> _Problem to work on_: Within the entries below, find the portion that opens with the line containing "Fisherman's Bastion, Budapest" and closes with the line containing "The Puget Sound". Retype that portion exactly and only.

> _Source records_:
§ §
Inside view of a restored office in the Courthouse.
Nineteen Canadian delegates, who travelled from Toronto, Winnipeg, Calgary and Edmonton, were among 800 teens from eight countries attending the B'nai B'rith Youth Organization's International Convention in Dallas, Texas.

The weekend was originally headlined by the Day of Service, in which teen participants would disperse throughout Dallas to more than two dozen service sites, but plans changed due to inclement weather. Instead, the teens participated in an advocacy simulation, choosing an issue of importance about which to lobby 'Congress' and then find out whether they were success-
§ §
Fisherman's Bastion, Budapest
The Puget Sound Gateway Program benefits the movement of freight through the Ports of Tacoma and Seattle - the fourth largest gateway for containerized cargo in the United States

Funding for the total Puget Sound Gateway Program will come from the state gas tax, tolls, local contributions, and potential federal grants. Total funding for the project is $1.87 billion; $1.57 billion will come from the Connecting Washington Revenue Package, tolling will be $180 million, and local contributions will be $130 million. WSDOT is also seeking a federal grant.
§ §
> _Answer section_:
Fisherman's Bastion, Budapest
The Puget Sound Gateway Program benefits the movement of freight through the Ports of Tacoma and Seattle - the fourth largest gateway for containerized cargo in the United States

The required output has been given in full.